Als de Portugese zeemacht in 1648 de aanval opent op het Nederlandse slavenstation Luanda (nu Angola) wordt de kleine Jan van Angola wees. Zijn ouders zijn ofwel beide tot slaafgemaakten of een WIC-werknemer en een slaafgemaakte vrouw. De wees wordt meegenomen naar de Nederlandse kolonie Recife in Brazilië en komt bij de diaconie.
Als Recife in 1654 door de Portugezen heroverd wordt, komt de jongen met of via het echtpaar Thierens-Van den Heuvel mee naar de Republiek. Daar komt hij uiteindelijk – na betaling van 280 gulden – in het Weeshuis aan de Oude Delft terecht.

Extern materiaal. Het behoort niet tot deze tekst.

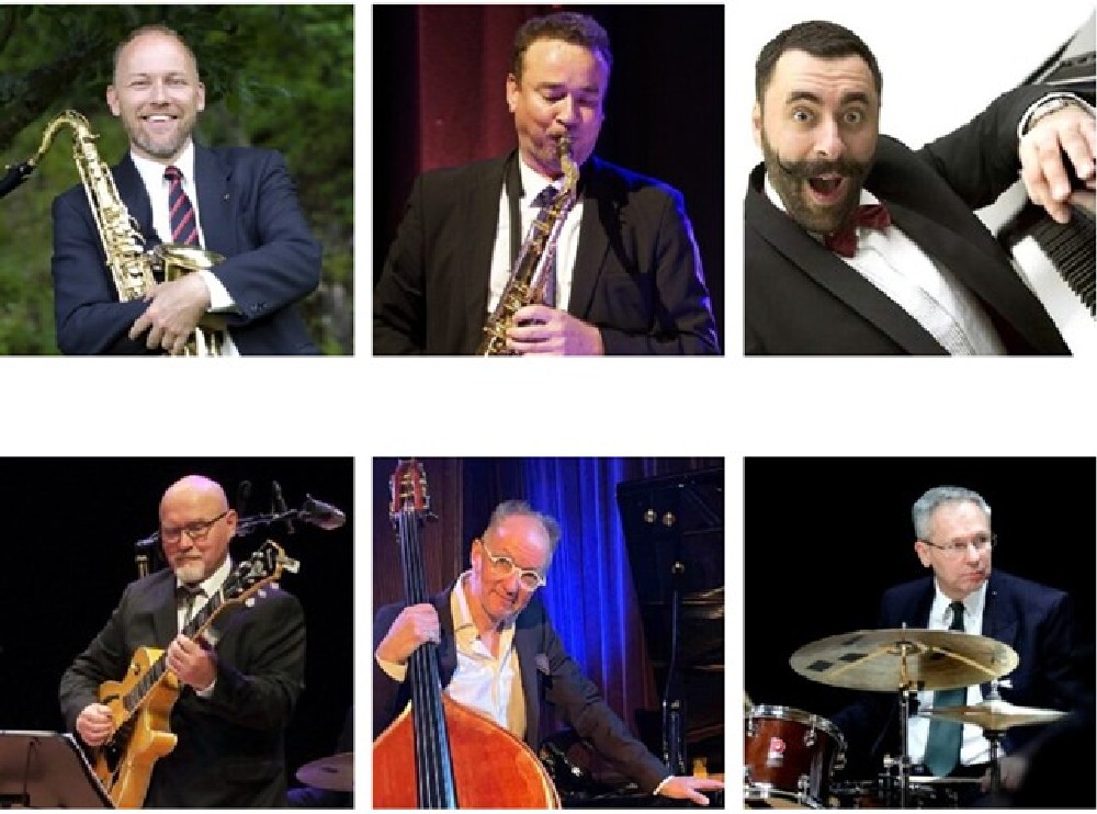 Grani Swing Sextet: Kimmo Leppälä – clarinet & tenorsax, Risto Salmi – clarinet & tenorsax, Zhenia Gimer – piano & clarinet, Fred Ahlberg – guitar, Hannu Rantanen – bass ja Rabbe Hjelt, drums sekä Dizzy Queen: Lidia Bäck, Nora Grotenfelt ja Daniela Fogelholm – vocal (art.kuva).

Na tien jaar verlaat Jan van Angola, inmiddels achttien jaar, het Weeshuis om met het schip Dordrecht voor de VOC uit te varen. De Weeshuisregenten noemen hem bij die gelegenheid ‘Jan Harmensz van Angola’. Nu is hij een ‘vrij man’ is geworden, en wordt tot die tijd dus nog niet als vrijgemaakte gezien. Hoe het hem verder vergaat, is uit de bronnen helaas niet op te maken.
Bron
- Nancy Jouwe, Gerrit Verhoeven, Ingrid van der Vlis, 2023. Rapport Slavernijverleden van Delft. Delft, juni 2023 (87 pp.) [met medewerking van Marion Claessens en Bas van der Wulp].